> [Requirement] Everything from the line containing "最后,西區(qū)黨工委分管" to the last line of the material below must be retyped exactly, both ends included; skip the pictures.

> [Given records]
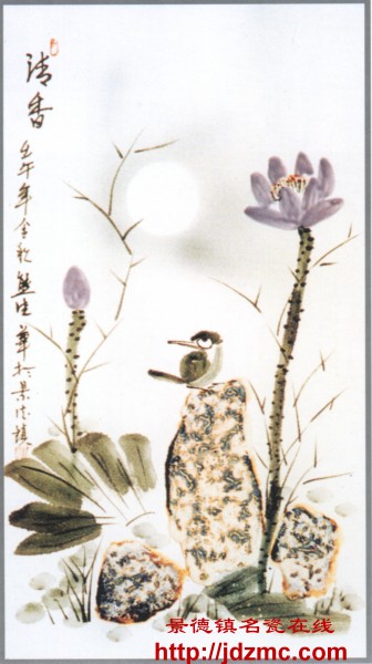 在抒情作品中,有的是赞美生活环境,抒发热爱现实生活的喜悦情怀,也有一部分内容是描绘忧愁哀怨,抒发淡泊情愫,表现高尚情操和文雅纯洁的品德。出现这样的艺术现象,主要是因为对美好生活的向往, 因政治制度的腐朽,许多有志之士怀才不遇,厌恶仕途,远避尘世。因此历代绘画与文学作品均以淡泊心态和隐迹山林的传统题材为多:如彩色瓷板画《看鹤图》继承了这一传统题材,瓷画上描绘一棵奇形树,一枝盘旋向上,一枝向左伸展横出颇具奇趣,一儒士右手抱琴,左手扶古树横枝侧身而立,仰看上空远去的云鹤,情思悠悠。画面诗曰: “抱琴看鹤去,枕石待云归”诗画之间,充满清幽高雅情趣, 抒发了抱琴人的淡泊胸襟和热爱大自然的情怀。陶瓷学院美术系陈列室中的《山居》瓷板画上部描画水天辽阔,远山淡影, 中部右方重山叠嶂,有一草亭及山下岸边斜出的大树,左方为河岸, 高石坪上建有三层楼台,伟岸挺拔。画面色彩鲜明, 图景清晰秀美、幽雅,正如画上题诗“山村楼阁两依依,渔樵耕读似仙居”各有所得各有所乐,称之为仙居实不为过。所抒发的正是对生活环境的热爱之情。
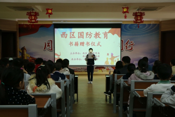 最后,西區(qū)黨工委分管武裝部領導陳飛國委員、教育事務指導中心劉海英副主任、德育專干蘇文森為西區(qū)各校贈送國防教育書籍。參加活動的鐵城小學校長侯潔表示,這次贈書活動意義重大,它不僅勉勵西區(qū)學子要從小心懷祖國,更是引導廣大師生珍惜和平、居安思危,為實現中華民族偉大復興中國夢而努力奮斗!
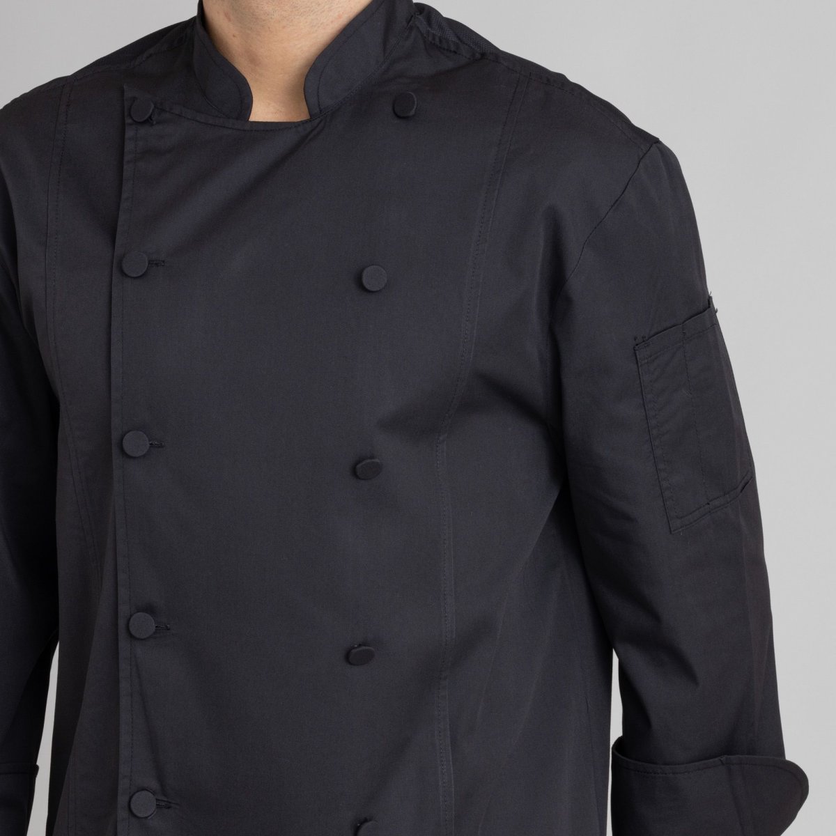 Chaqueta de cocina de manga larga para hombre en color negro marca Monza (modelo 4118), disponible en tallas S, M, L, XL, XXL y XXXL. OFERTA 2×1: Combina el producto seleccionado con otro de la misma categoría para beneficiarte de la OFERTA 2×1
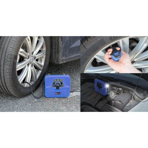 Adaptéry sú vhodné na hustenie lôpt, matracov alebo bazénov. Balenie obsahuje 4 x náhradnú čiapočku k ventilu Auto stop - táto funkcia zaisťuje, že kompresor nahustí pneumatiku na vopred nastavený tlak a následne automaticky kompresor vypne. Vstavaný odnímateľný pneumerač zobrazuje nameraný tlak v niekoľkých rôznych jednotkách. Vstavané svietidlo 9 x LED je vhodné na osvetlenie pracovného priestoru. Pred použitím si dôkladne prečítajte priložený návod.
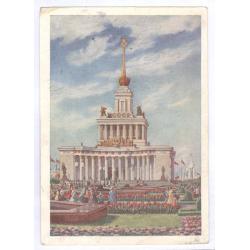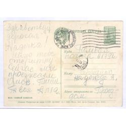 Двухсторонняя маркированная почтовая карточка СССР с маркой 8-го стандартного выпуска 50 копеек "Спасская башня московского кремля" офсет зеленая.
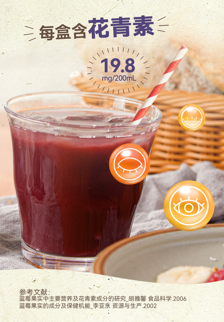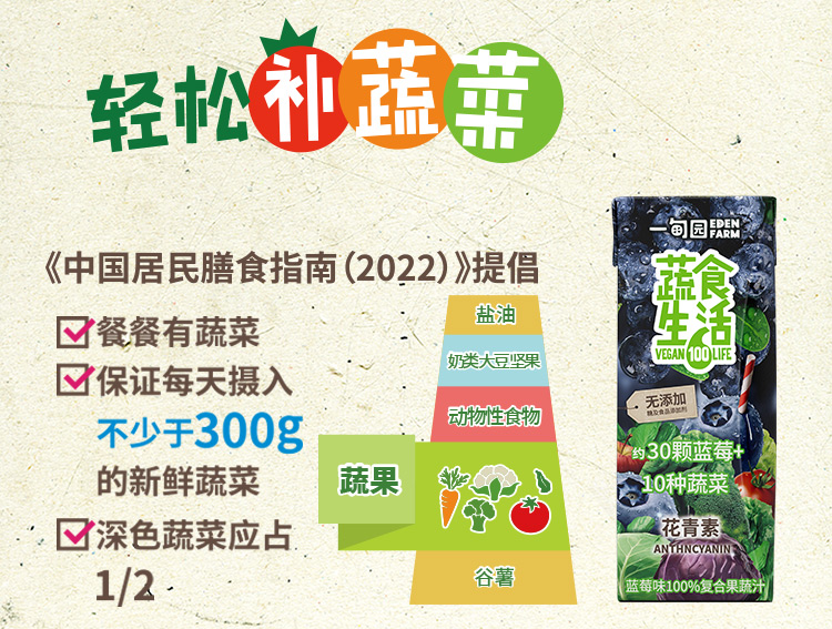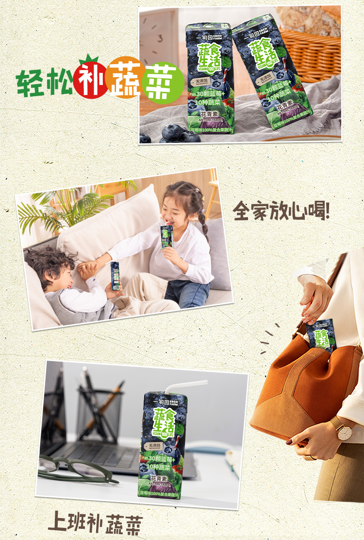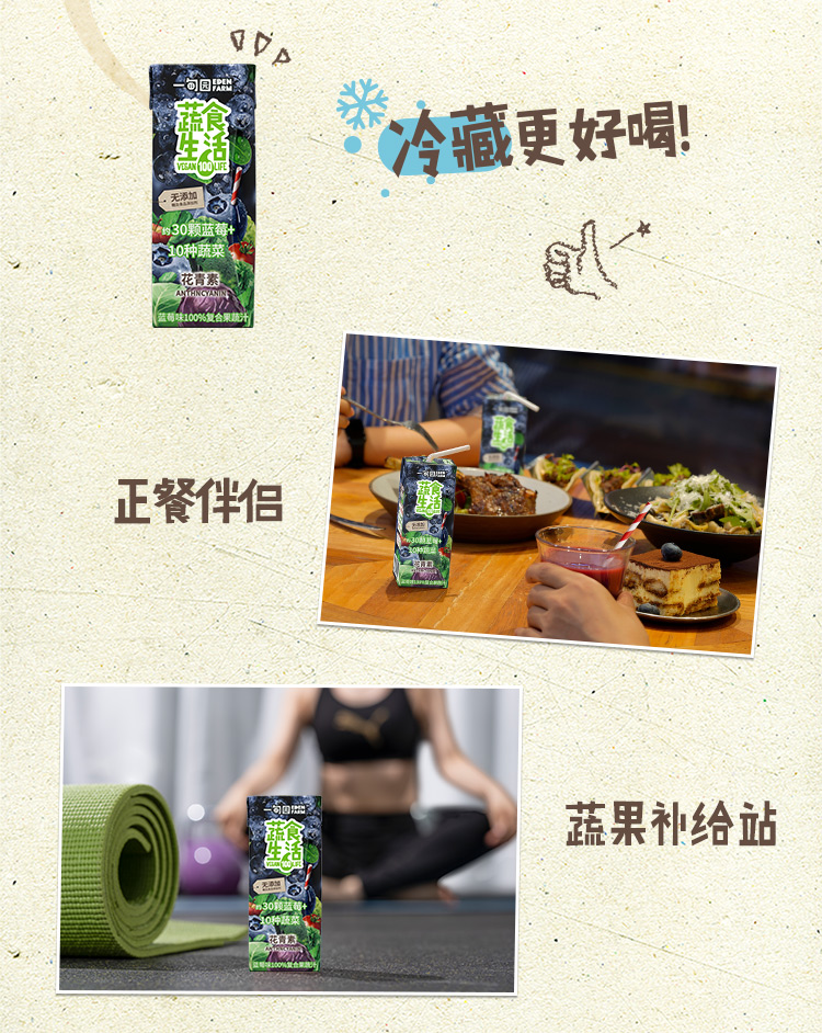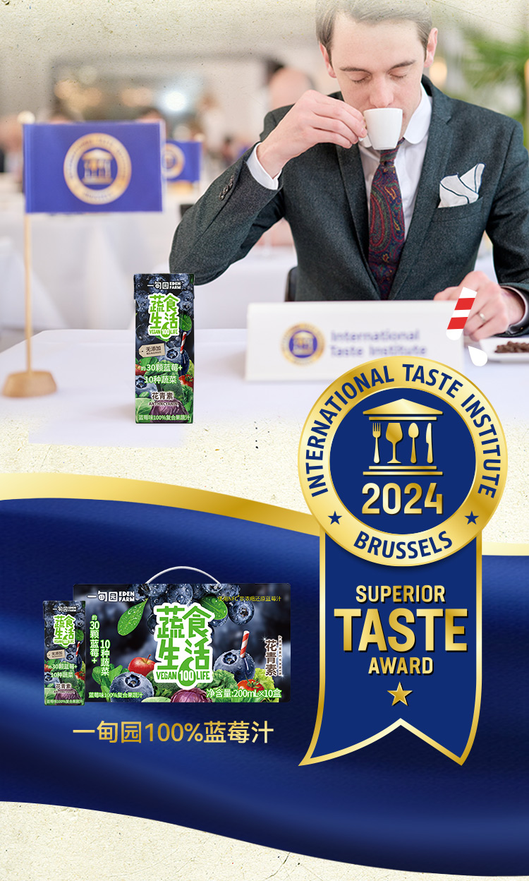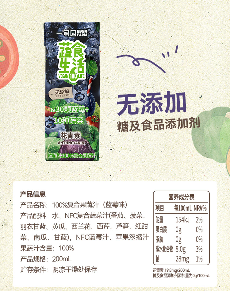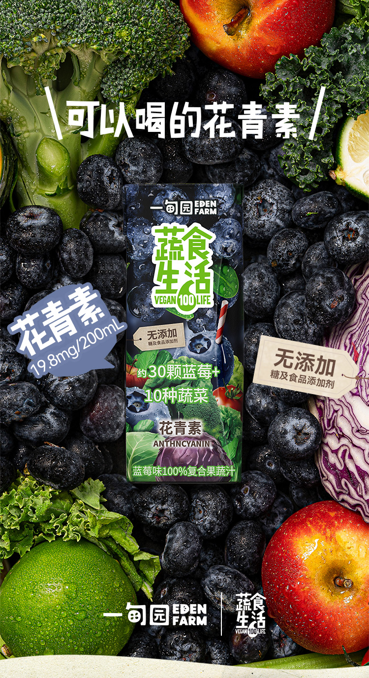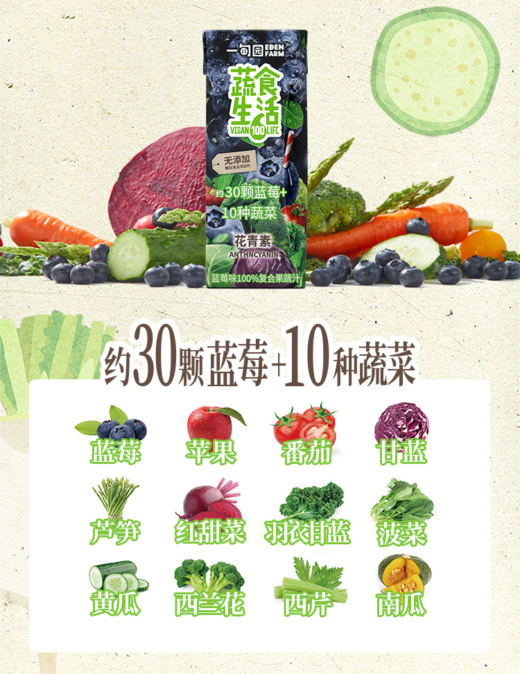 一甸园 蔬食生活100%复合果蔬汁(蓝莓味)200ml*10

> [Output for this task]
 最后,西區(qū)黨工委分管武裝部領導陳飛國委員、教育事務指導中心劉海英副主任、德育專干蘇文森為西區(qū)各校贈送國防教育書籍。參加活動的鐵城小學校長侯潔表示,這次贈書活動意義重大,它不僅勉勵西區(qū)學子要從小心懷祖國,更是引導廣大師生珍惜和平、居安思危,為實現中華民族偉大復興中國夢而努力奮斗!
 Chaqueta de cocina de manga larga para hombre en color negro marca Monza (modelo 4118), disponible en tallas S, M, L, XL, XXL y XXXL. OFERTA 2×1: Combina el producto seleccionado con otro de la misma categoría para beneficiarte de la OFERTA 2×1
 Adaptéry sú vhodné na hustenie lôpt, matracov alebo bazénov. Balenie obsahuje 4 x náhradnú čiapočku k ventilu Auto stop - táto funkcia zaisťuje, že kompresor nahustí pneumatiku na vopred nastavený tlak a následne automaticky kompresor vypne. Vstavaný odnímateľný pneumerač zobrazuje nameraný tlak v niekoľkých rôznych jednotkách. Vstavané svietidlo 9 x LED je vhodné na osvetlenie pracovného priestoru. Pred použitím si dôkladne prečítajte priložený návod.
 Двухсторонняя маркированная почтовая карточка СССР с маркой 8-го стандартного выпуска 50 копеек "Спасская башня московского кремля" офсет зеленая.
 一甸园 蔬食生活100%复合果蔬汁(蓝莓味)200ml*10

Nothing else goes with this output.